Scotland has both a larger number of personal tax rates and a higher rate of personal taxation than the rest of the UK.
That double whammy, says Paul Frame, regional managing partner for Scotland at Evelyn Partners, creates problems for financial services businesses.
The difference in the income tax rate between Scotland and England is 3 per cent, and Frame says the challenge for financial services firms is that if they have staff “whose job can be done from anywhere, then many of them move over the border to England.
”If we want them to come into the office in Scotland, they say it is too far too travel, but won’t move nearer as it would mean extra taxes. They tell us if we want them to move to Scotland, then we have to increase their pay, as otherwise it would be a pay cut.”
Problem with attracting talent
But James Budden, head of retail marketing at Baillie Gifford, says the distances involved mean he thinks relatively few people are actually moving out of Scotland if they are still employed there.

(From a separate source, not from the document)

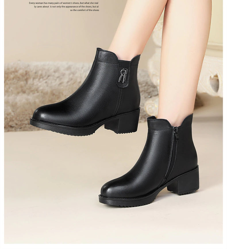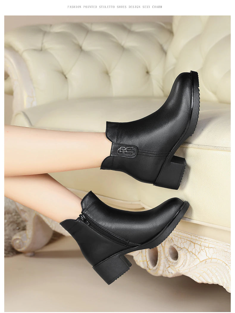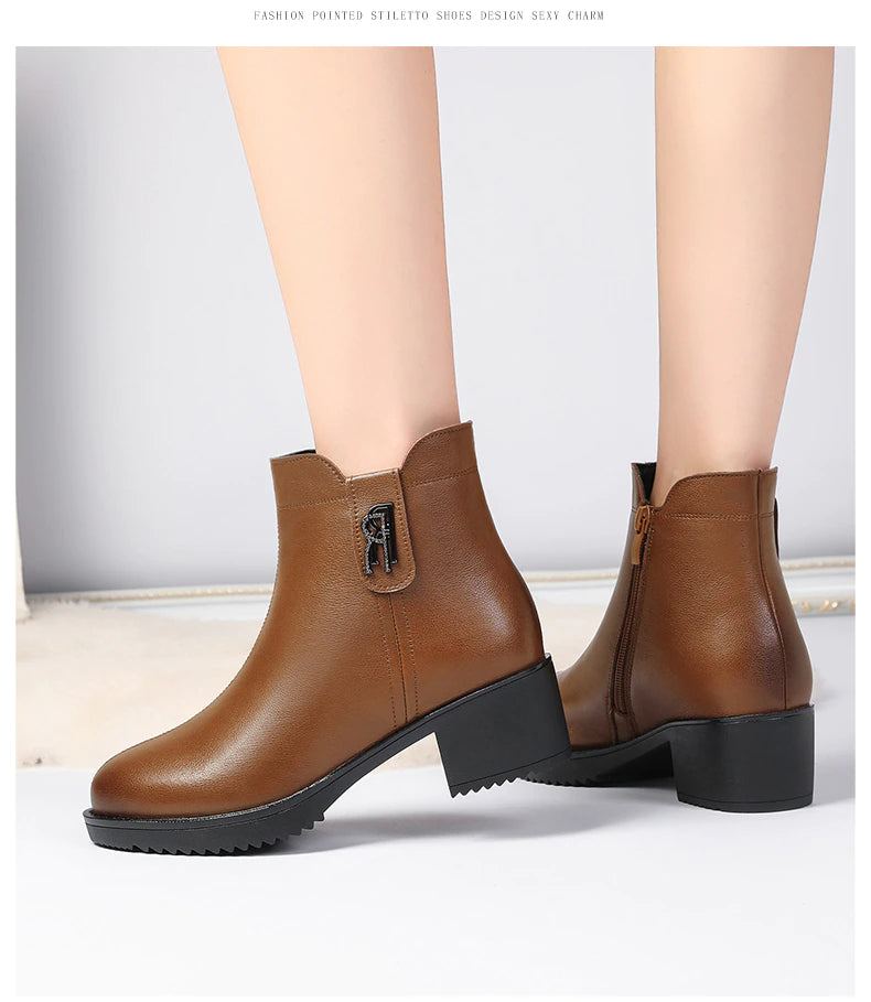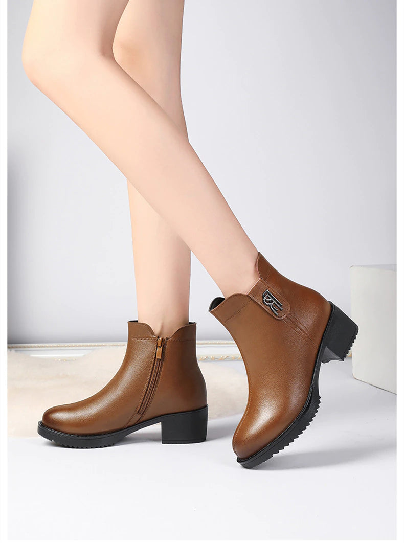 Botas de cuero con tacón bajo - Colección Otoño

Instead, he thinks the biggest risk is that individuals will not wish to relocate to Scotland in the first place. Budden’s view is that many talented financial services professionals may want to relocate to Edinburgh due to what he feels is a better quality of life, but that tax and public policy uncertainty make this a less attractive option.

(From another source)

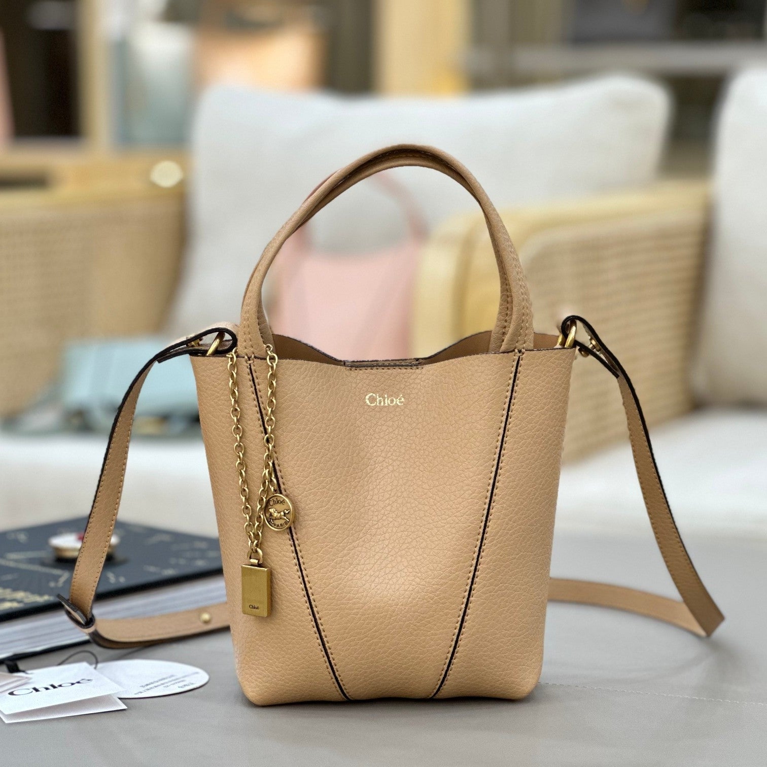 Chloe Spin Tote Bag Small 18cm Beige Calfskin 272304

This creates a problem for the industry as it may in future struggle to attract talent, whereas in the past this was not an issue.

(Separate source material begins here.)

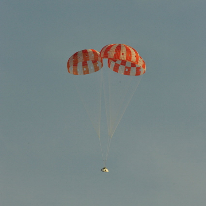 A model of NASA's Orion spacecraft descends following release from an Air Force C-17 cargo plane high above Arizona during a test on February 29. The drop examined the disturbance of the airflow behind the spacecraft. The event was the latest in a series of parachute drop tests conducted by NASA at the U.S. Army's Proving Grounds in Yuma, Arizona. Orion is being developed for the exploration of space beyond low Earth orbit. Photo courtesy of NASA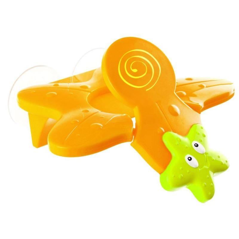 - Pentru a adauga un plus de distractie, fixati catapulta cu ajutorul celor 2 ventuze atasate, plasati o jucarie de baie pe partea superioara a catapultei, apasati cu un deget pe Steluta de mare si urmariti cum Pestisorul zboara prin aer

Budden is English-born and relocated to Scotland for work. He says: “I don’t think the higher tax rate has had a huge impact yet, as it has only been in place a short while.
“Edinburgh is a great place to live: it’s affordable compared with London, and you can get to the hills or the coast very quickly.
“But I think if the higher tax rates become embedded, that is when it could become an issue and reduce the numbers of people who move here.”
In addition to a higher rate of income tax, there are also multiple tax bands, notably at 19 per cent, 20 per cent, 21 per cent, 42 per cent, 47 per cent and 50 per cent.
Stuart Johnson is a financial planner and head of McHardy Wealth's regional office. He says the differing rates make it more complicated to conduct financial planning, particularly as he is in the borders region of Scotland and thus clients that are near to England and the lower, less complex tax system.
Independent minded
The party with a majority in the Scottish parliament right now is the Scottish National Party, which is committed to Scottish independence.